Enjoy it or not, however, that future is bearing down on us like a runaway 18-wheeler. (Speaking of which, Mercedes Benz is currently test-driving driver-less trucks on highways in Nevada.) According to a report Flemming co-authored last year, major automakers will be selling us fully autonomous cars in less than 10 years.

But Flemming is not simply trumpeting the future. He is also sounding an alarm.

In part, it’s about infrastructure thinking. This past summer, the Nova Scotia government issued a request for proposals. The goal: raise $1.5 billion for a “once-in-a-generation set of mega-projects,” including twinning eight sections of 100-series highways. But what if those projects won’t be drive-ready for another 15 years and will have been built to last 30 years after that? What if we no longer need that capacity? What then?

Perhaps socially more significant, what will happen to the half-million-plus long-haul truckers, shorthaul deliverers, couriers, taxi drivers, bus operators, not to count all those who feed off the transportation system — highway patrol officers, emergency services responders, automobile salespeople, insurance brokers and parking lot attendants — whose jobs will no longer exist?

“Let me remind you of a few of the occupations that have disappeared in my long lifetime,” Flemming recently reminded a truckers’ convention. “Elevator operators, gas station attendants, movie theatre ushers, telephone switchboard operators, grocery-store-bag takeout people, drugstore delivery boys, linotype operators, door-to-door salespeople of everything from encyclopedias to insurance, key-punch operators and many others too numerous to list.”

Some of those changes — most of them, in fact — have ultimately been positive.

I will never recover the years I lost to lunch-hour bank line-ups waiting to deposit a cheque, or pay a bill, or get cash. I am grateful for 24-hour ATMs, electronic bill payments and — my most recent discovery — the unexpected thrill of using my cellphone camera to deposit a cheque.

And yet, I also know this “progress” comes at a huge cost — especially to bank employees but others too, like postal workers, whose lives have been disrupted by change.

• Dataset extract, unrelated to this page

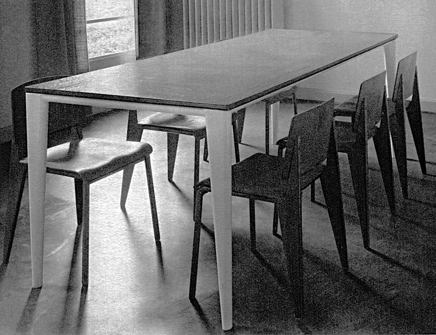 En 1936, les Ateliers Jean Prouvé complètent la gamme du mobilier destiné aux collectivités par un modèle de table de réfectoire. Souvent proposé en alternative au piètement « monobloc » de la table Cité, un nouveau modèle à quatre pieds fuselés en tôle pliée réunis par un châssis en tube soudé est présenté à l’occasion d’appels d’offres1 en 1936-1938. En 1939, l’équipement de la colonie sanitaire de Saint-Brévin-l’Océan (J. et M. André, arch.) induit la fourniture d’une trentaine de tables de cantine. L’étude reprend à partir du modèle créé antérieurement, pour s’adapter aux conditions climatiques particulières (notamment l’humidité de l’air) : toutes les parties métalliques sont galvanisées et les plateaux sont en dalles de fibrociment (Granipoli) fixés par des vis spéciales en laiton. Le châssis apparent en tubes carrés est renforcé par des traverses d’extrémité en tôle pliée, dont l’une est équipée de tubes porte-serviettes. Le même souci fonctionnel apparaît simultanément dans une autre fourniture importante : des tables de réfectoire pour une usine d’aéronautique, près de Marseille. Le châssis en métal laqué et doté de pieds fuselés au sabot chromé est équipé de tiroirs (avec compartiment à bouteille) et de crochets, et supporte un plateau en Granipoli. Ce sera vraisemblablement l’ultime application de ce châssis, remplacé après la guerre, pour ce type de programme, par des variantes de la table-bureau Dactylo ou par le nouveau piètement type Flavigny.

I know too that neither the corporations that employed them nor the society that benefited from their labour has done nearly enough to help the displaced retrain and transition to the new world order. Meanwhile, bank profits have never been fatter.

There are winners — and losers.

So who should be responsible for managing, and paying for, transition at a time when change — much of it driven by technology and its exponentially ever expanding possibilities, not to forget the bottom-line imperatives of those promoting the shinier and newer — has become the thumping, insistent accompaniment to our lives?

It’s a question we need to answer. Before the future runs us over. Again.